= LVSV =

Student organisations in Belgium

Liberaal Vlaams Studentenverbond
| Establishment | * December 8, 1930 (Ghent) * January 7, 1937 (Brussels) * 1939 (Antwerp) * December 29, 1972 (Leuven) * December 4, 2009 (Hasselt) |
| Ideology | Liberalism/Libertarianism |
| President | Yearly rotation (currently held by the president of LVSV Antwerp - 2025-2026) |
| European organisations | ESFL |
| Website | www.lvsv.be |

The LVSV (Liberaal Vlaams StudentenVerbond (Dutch) or Liberal Flemish Students' Association) unites all Dutch-speaking classical-liberal and libertarian students in Belgium. The values they uphold are individual freedom, freedom of speech, free trade and human rights, with focus on the non-aggression principle. The LVSV opposes big government in any meaning (both right-wing and left-wing). They are an independent organisation, not affiliated to any political party. The LVSV organises political activities (debates, discussions,...) as well as typical student activities (visiting pubs, organising a cantus,...) in five cities: Antwerp, Brussels, Ghent, Hasselt and Leuven. The national presidency of the association rotates between the local presidents every year.

The first LVSV branch was founded on December 8, 1930 by Max Cosijns as a result of the “Dutchification” of University of Ghent. In 1932 LVSV Ghent joined the Liberal Flemish League. In 1937 another branch was founded in Brussels by Raymond Schepmans who was elected as their President on January 20, 1937. Both branches would later join the Belgisch Liberaal Studentenverbond/Fédération des Étudiants Libéraux (BSVL/FEL) which oversaw all liberal student associations from both the Dutch- and the French-speaking region of the country.

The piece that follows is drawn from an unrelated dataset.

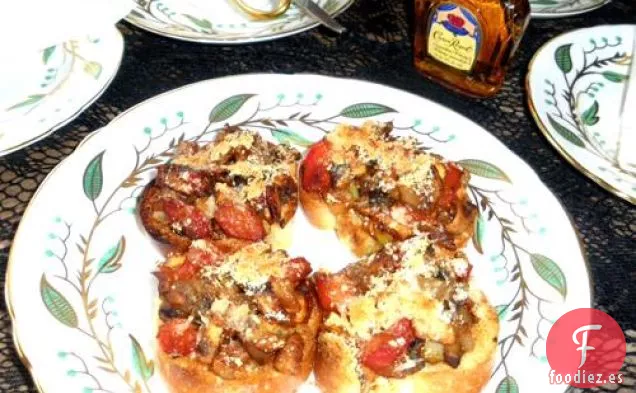 La Bruschetta de champiñones de la receta podría satisfacer su antojo mediterráneo en aproximadamente 40 minutos. Para $2.33 por porción, esta receta cubiertas 12% de sus necesidades diarias de vitaminas y minerales. Esta receta sirve 6 personas. Una porción de este plato contiene aproximadamente 12g de proteína, 44g de grasa y un total de 693 calorías. 1 persona ha hecho esta receta y la volvería a hacer. Una mezcla de salsa de tomate, pimiento agrietado, pimientos asados y un puñado de otros ingredientes son todo lo que se necesita para hacer esta receta tan deliciosa. Funciona bien como un hor d'oeuvre bastante barato. Considerándolo todo, decidimos esta receta merece una puntuación espátula de 31%. Esta puntuación es bastante mala. Similar recetas Bruschetta de Champiñones y Gruyere, Bruschetta de Champiñones y Parmesano, y Duxelles de Setas en Bruschetta.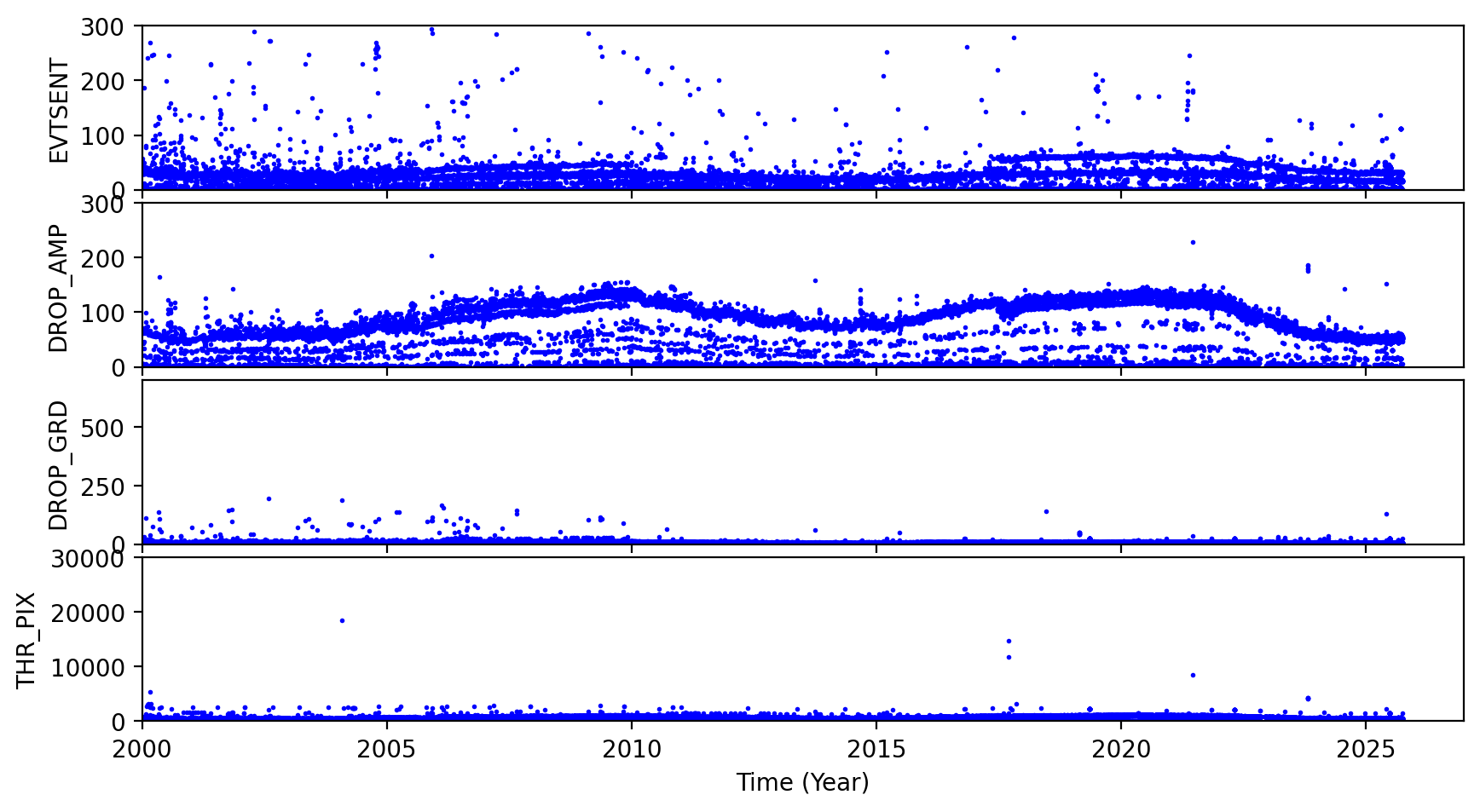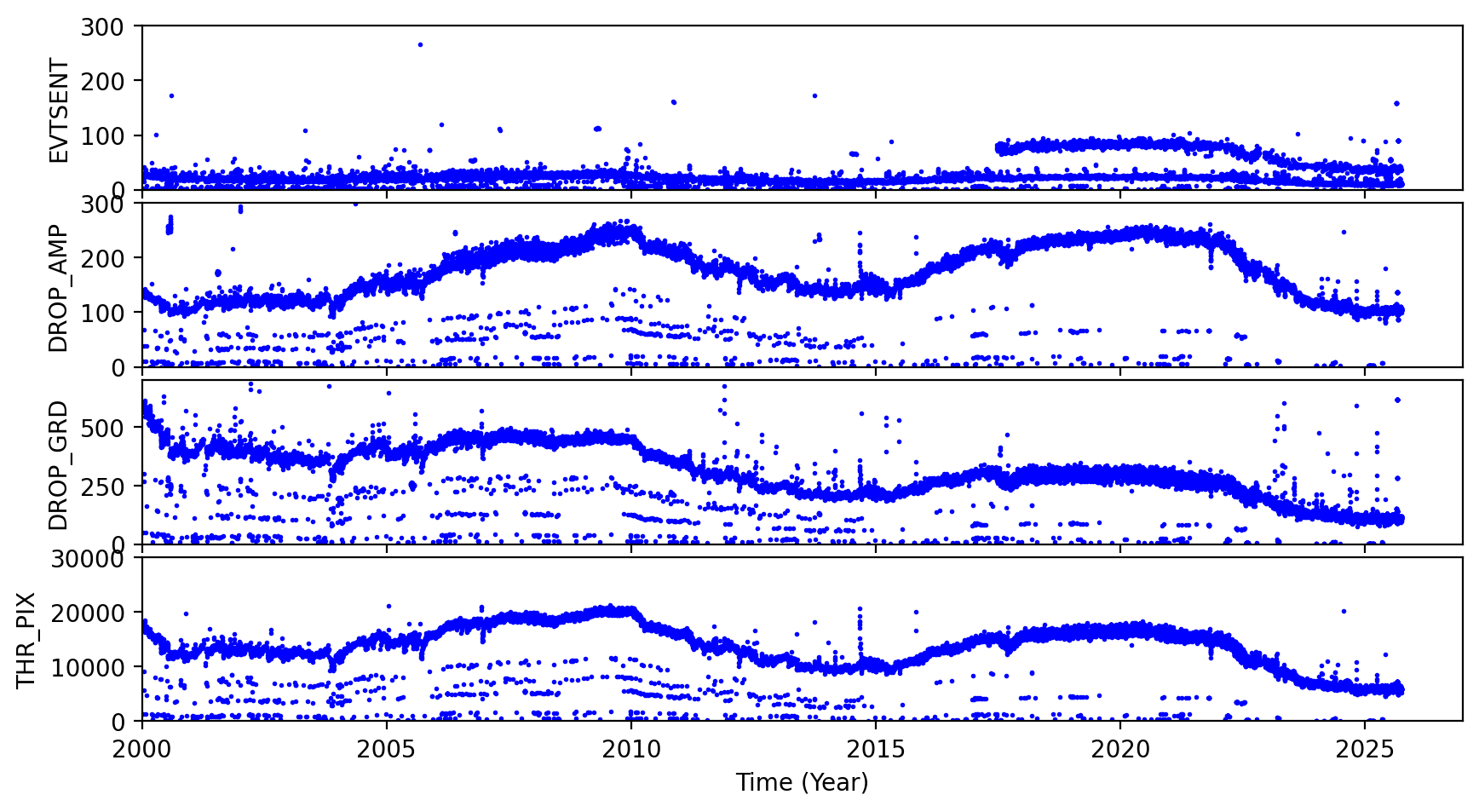 The links below are plots of stat1 quantities, showing on-board rejected events. The average EVTSENT, DROP_AMP, DROP_POS, DROP_GRD, THR_PIX, and maximum BERR_SUM obtained from L1 acis*stat1.fits files are plotted for each observation. CTI observations are plotted separately from regular science observations.

In 1972 all LVSV branches discontinued their partnership with the BSVL/FEL with the reason being that only French was spoken at the conferences held by the BSVL/FEL. This led to the establishment of LVSV National which would take over the responsibilities from the BSVL/FEL.

Famous former members include Guy Verhofstadt (Open VLD), Bart De Wever (N-VA), Zuhal Demir (N-VA), Willy De Clercq (Open VLD), Karel De Gucht (Open VLD) and Egbert Lachaert (Open VLD).